Transcriptional and Epigenetic regulation of

cardiac Stem Cells

We are interested in transcriptional and epigenetic regulation of cardiac stem cells in the context of vertebrate embryogenesis causing human congenital heart defects (CHDs), and their implications in adult cardiac muscle regeneration. In particular, We are interested in determining the roles of transcription factors and molecular signalling pathways in cardiac lineage specification, including T-box transcription factors, Wnt signaling, Notch signaling, and the role of epigenetic chromatin remodeling complexes including Polycomb Repressive Complex 2 (PRC2) and BAF complex. Our goal is to obtain an in-depth understanding of these molecular pathways in order to prevent neonatal CHDs and efficiently regenerate heart muscle in adult patients with irrevocable heart diseases.

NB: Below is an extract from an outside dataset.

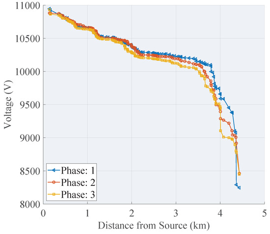 The results obtained in the scenario A were tested in electrical simulation software, the implementation is presented in the Figure 12 and Figure 13, the numeric results are summarised in Table 2. The 76 transformers are in the exact location where the algorithm determined. The simulation was development taking on account the real distance of the feeders, thus the electrical analysis is close to the real implementation. Moreover, in the Figure 12 is shown the end user voltage compared in terms of distance from the sources, where it can see that the farthest have the higher drop voltage, but they are less than the 2% compared with the source.

Molecular regulation of Heart development

Heart development involves the precise orchestration of a complex gene expression program in order to convert primitive mesenchyme into a complex muscular organ with 4 chambers, valves, inflow and outflow tracts. A variety of transcription factors and coregulators control the heart development gene program. The goal of our research is to understand the physiological function of these factors and determine the molecular mechanisms though which they regulate gene expression. To this end, we use genetically engineered mice to determine the role of specific transcription factors and coregulators in the process of heart development, gene expression profiling to determine which genes are controlled by these factors, and a variety of biochemical techniques to determine how they work at the molecular level. This work will lead to an in-depth understanding of the cardiac differentiation program, yielding basic knowledge useful in the diagnosis of congenital heart defects and design of biomedical interventions for the treatment of heart diseases.

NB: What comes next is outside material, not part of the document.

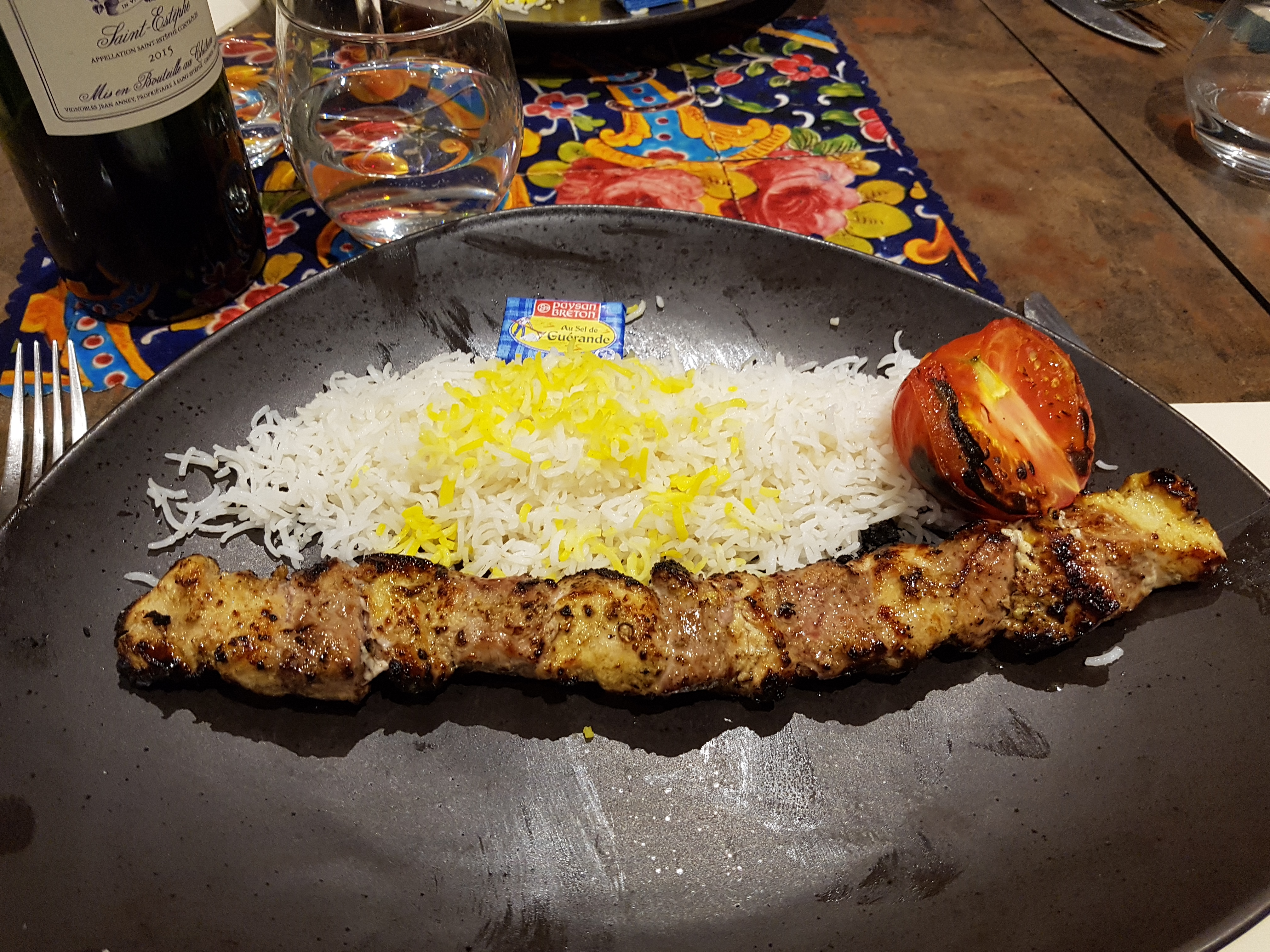 C'était bon, surtout l'entrée. Mais j'avoue ne pas vraiment apprécier la cuisine iranienne, ou en tout cas ce que j'en ai goûté : essentiellement des brochettes et du riz. Les desserts sont biens.

Cardiac progenitor cells (CPCs)

We are interested in the fate commitment and maturation of cardiac progenitor cells (CPCs). CPCs hold a unique position in heart regenerative medicine for a number of reasons. First, they can differentiate into multiple cardiovascular lineages, including smooth muscle, endothelial, and cardiac muscle for a concerted therapeutic effect. Second, unlike totipotent ES cells, they do not form tumor when grafted. Third, unlike terminally differentiated cells, they are proliferative thus a relatively small amount may be sufficient for therapeutic effects. We are studying what extracellular cues induce CPCs and what signaling pathways drive the differentiation of them into the major cardiovascular lineages. In collaboration with other labs in the college, we are exploring the opportunity to use CPCs for experimental therapy in moue heart disease models.

Another related research interest is the function of endoderm in cardiac differentiation. Previously, We have found that the endoderm protein Sox17 has a pivotal role in inducing CPCs. We are delinearizing this pathway, in hope to ultimately find the secreted factor mediating the induction of CPCs.